Mais uma vez a história se repete com os mesmos protagonistas. Aqui já houve um caso em que todos os filiados ao PPS na época foram prejudicados e impedidos de concorrerem, em Teixeira de Freitas aconteceu o pior: todos os vereadores que venceram as eleições por uma coligação articulada pelo “gênio” Uldurico Pinto, perderam seus mandatos, após o juiz eleitoral descobrir partidos com presidentes fantasmas, frutos da imaginação do referido gênio.

Conspira contra os filiados ao partido em Porto Seguro, o fato desse mesmo partido (PROS) ter sido alvo de matéria em cadeia nacional, veiculada no “Fantástico”, onde os repórteres flagraram o mar de corrupção desenvolvida pela direção deste partido. Foram descobertas banheiras de massagem no escritório do presidente, helicópteros de uso particular e volumes imensos em dinheiro declarados em prestações de contas falsas envolvendo candidatos simples e que declararam nunca terem recebido aquelas importâncias.

Na Bahia, o partido é conduzido por Uldurico Alencar Júnior, que é o seu presidente, e, aparentemente, parece trilhar os tortuosos caminhos da sigla que, no começo de 2019, investigações da Polícia Federal indicaram desvios de mais de R$ 5 milhões, que deveriam ser destinados inicialmente às campanhas de candidatos do PROS.

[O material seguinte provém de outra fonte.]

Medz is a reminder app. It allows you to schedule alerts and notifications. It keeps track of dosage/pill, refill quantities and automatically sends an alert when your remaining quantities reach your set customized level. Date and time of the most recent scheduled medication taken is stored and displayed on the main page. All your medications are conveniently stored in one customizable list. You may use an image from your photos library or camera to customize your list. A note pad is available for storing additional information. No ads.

Há de se lamentar a situação dos cerca de 20 candidatos a vereador pela legenda que, a depender da justiça, terão suas candidaturas e seus sonhos adiados, devido à negligências e ações desprezíveis e reincidentes dessa família obcecada pelo poder.

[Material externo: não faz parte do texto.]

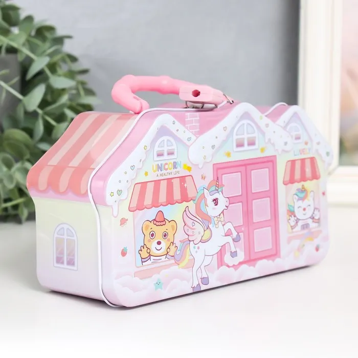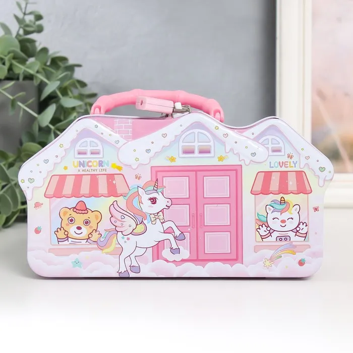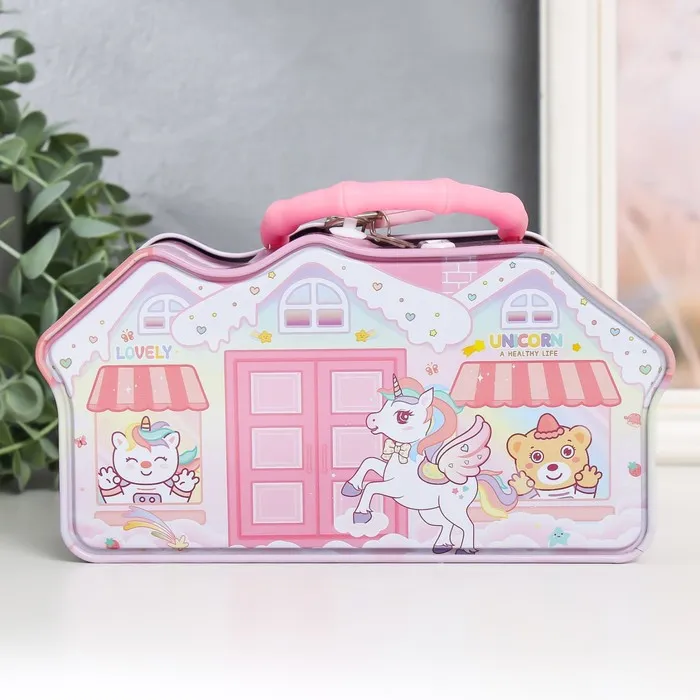 Копилка для денег с замком и ключом «Домик с жителями», металл, 19×6.5×9.5 см, МИКС — Характеристики

AÇÃO DE IMPUGNAÇÃO AO REGISTRO DA CANDIDATURA

Número do processo 0600168-30.2020.6.05.0122

Pedido Indeferido – Regularização da situação do Partido Pros – 04/09/2020

Resolução do TSE nº 23.546/2017 – Art 48. A falta de prestação de contas implica a proibição de recebimento de recursos oriundos do Fundo Partidário, enquanto não for regularizada a situação do partido político.§ 1º Julgadas não prestadas as contas do órgão nacional do partido, o TSE deve disponibilizar o processo ao MPE para fins do previsto no art. 28, inciso III, da Lei nº 9.096/1995.§ 2º O órgão partidário, de qualquer esfera, que tiver as suas contas julgadas como não prestadas fica obrigado a devolver integralmente todos os recursos provenientes do Fundo Partidário que lhe forem entregues, distribuídos ou repassados, bem como terá suspenso o registro ou a anotação, no caso de órgão de direção estadual ou municipal.

Resolução do TSE nº 23.571/2018 – Art. 42. Será suspenso o registro ou a anotação do órgão de direção estadual ou municipal que tiver suas contas partidárias julgadas como não prestadas, devendo o órgão ser inativado e novas anotações indeferidas até que seja regularizada a situação.